• [WHAT YOU SHOULD DO]:
Leaving out all images, write out the records that follow exactly.

• [AVAILABLE RECORDS]:
....................

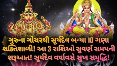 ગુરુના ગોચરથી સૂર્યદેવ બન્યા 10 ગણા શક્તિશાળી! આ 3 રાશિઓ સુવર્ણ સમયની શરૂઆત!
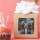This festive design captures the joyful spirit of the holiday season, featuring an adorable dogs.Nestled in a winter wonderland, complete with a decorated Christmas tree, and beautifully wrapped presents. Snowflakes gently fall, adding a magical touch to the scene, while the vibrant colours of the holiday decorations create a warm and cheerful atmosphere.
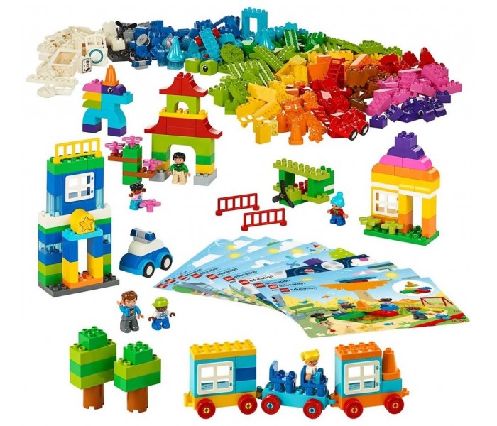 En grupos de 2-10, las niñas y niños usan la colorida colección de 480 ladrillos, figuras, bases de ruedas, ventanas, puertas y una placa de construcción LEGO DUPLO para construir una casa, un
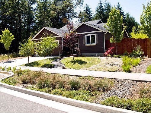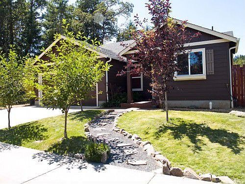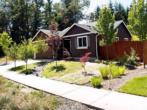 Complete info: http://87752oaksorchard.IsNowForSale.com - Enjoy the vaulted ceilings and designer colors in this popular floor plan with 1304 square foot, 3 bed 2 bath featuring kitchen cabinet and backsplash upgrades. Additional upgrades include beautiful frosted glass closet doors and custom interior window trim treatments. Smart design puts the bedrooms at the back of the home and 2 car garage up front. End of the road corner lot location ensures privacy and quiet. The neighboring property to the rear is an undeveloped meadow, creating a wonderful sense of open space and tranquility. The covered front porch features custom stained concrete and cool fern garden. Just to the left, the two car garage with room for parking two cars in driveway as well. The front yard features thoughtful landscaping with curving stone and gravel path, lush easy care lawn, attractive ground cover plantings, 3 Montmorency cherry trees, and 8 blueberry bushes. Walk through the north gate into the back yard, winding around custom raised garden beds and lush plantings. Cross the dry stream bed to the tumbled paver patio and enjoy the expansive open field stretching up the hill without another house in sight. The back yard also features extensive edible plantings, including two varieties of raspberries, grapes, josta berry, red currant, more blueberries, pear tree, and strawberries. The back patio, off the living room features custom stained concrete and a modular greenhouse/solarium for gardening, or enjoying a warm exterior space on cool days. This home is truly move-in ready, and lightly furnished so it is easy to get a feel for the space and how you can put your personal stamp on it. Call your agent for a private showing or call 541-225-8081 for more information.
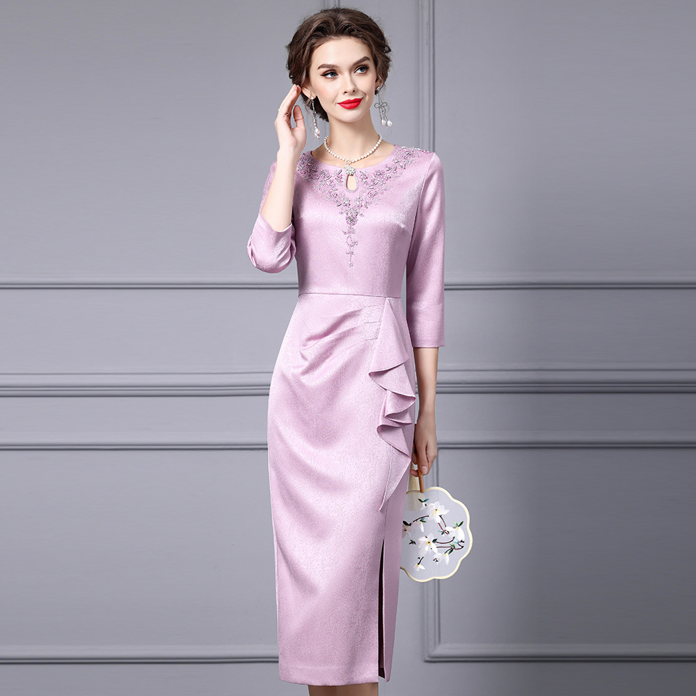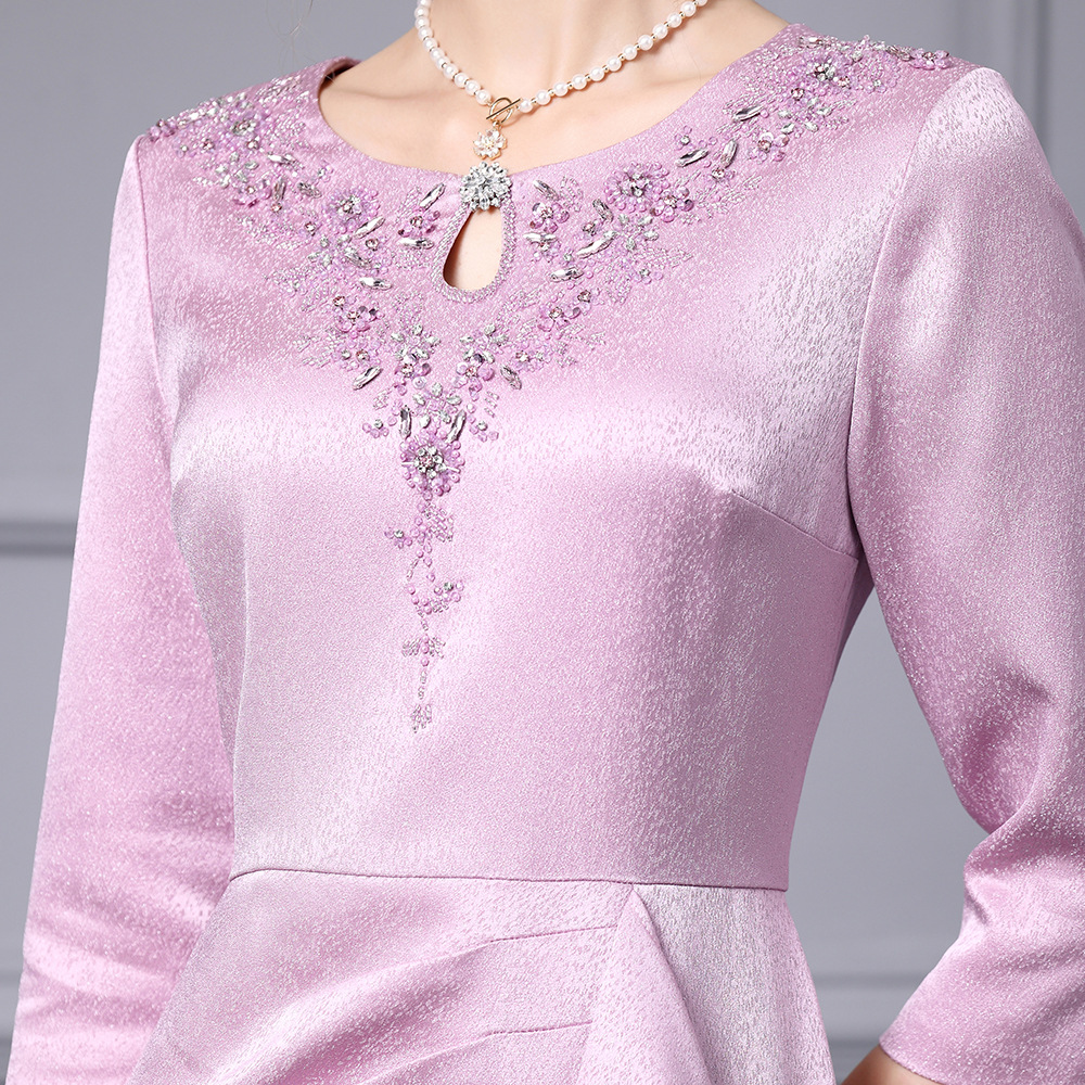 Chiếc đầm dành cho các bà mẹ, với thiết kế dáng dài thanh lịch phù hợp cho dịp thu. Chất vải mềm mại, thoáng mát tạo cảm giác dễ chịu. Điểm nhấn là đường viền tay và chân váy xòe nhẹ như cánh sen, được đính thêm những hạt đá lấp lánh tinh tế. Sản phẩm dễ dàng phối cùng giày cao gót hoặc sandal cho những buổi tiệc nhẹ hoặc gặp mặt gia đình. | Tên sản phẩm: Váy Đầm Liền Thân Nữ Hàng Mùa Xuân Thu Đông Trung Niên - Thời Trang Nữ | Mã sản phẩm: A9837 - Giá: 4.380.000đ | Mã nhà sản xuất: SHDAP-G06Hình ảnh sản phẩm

....................

• [TASK RESPONSE]:
 ગુરુના ગોચરથી સૂર્યદેવ બન્યા 10 ગણા શક્તિશાળી! આ 3 રાશિઓ સુવર્ણ સમયની શરૂઆત!
This festive design captures the joyful spirit of the holiday season, featuring an adorable dogs.Nestled in a winter wonderland, complete with a decorated Christmas tree, and beautifully wrapped presents. Snowflakes gently fall, adding a magical touch to the scene, while the vibrant colours of the holiday decorations create a warm and cheerful atmosphere.
 En grupos de 2-10, las niñas y niños usan la colorida colección de 480 ladrillos, figuras, bases de ruedas, ventanas, puertas y una placa de construcción LEGO DUPLO para construir una casa, un
 Complete info: http://87752oaksorchard.IsNowForSale.com - Enjoy the vaulted ceilings and designer colors in this popular floor plan with 1304 square foot, 3 bed 2 bath featuring kitchen cabinet and backsplash upgrades. Additional upgrades include beautiful frosted glass closet doors and custom interior window trim treatments. Smart design puts the bedrooms at the back of the home and 2 car garage up front. End of the road corner lot location ensures privacy and quiet. The neighboring property to the rear is an undeveloped meadow, creating a wonderful sense of open space and tranquility. The covered front porch features custom stained concrete and cool fern garden. Just to the left, the two car garage with room for parking two cars in driveway as well. The front yard features thoughtful landscaping with curving stone and gravel path, lush easy care lawn, attractive ground cover plantings, 3 Montmorency cherry trees, and 8 blueberry bushes. Walk through the north gate into the back yard, winding around custom raised garden beds and lush plantings. Cross the dry stream bed to the tumbled paver patio and enjoy the expansive open field stretching up the hill without another house in sight. The back yard also features extensive edible plantings, including two varieties of raspberries, grapes, josta berry, red currant, more blueberries, pear tree, and strawberries. The back patio, off the living room features custom stained concrete and a modular greenhouse/solarium for gardening, or enjoying a warm exterior space on cool days. This home is truly move-in ready, and lightly furnished so it is easy to get a feel for the space and how you can put your personal stamp on it. Call your agent for a private showing or call 541-225-8081 for more information.
 Chiếc đầm dành cho các bà mẹ, với thiết kế dáng dài thanh lịch phù hợp cho dịp thu. Chất vải mềm mại, thoáng mát tạo cảm giác dễ chịu. Điểm nhấn là đường viền tay và chân váy xòe nhẹ như cánh sen, được đính thêm những hạt đá lấp lánh tinh tế. Sản phẩm dễ dàng phối cùng giày cao gót hoặc sandal cho những buổi tiệc nhẹ hoặc gặp mặt gia đình. | Tên sản phẩm: Váy Đầm Liền Thân Nữ Hàng Mùa Xuân Thu Đông Trung Niên - Thời Trang Nữ | Mã sản phẩm: A9837 - Giá: 4.380.000đ | Mã nhà sản xuất: SHDAP-G06Hình ảnh sản phẩm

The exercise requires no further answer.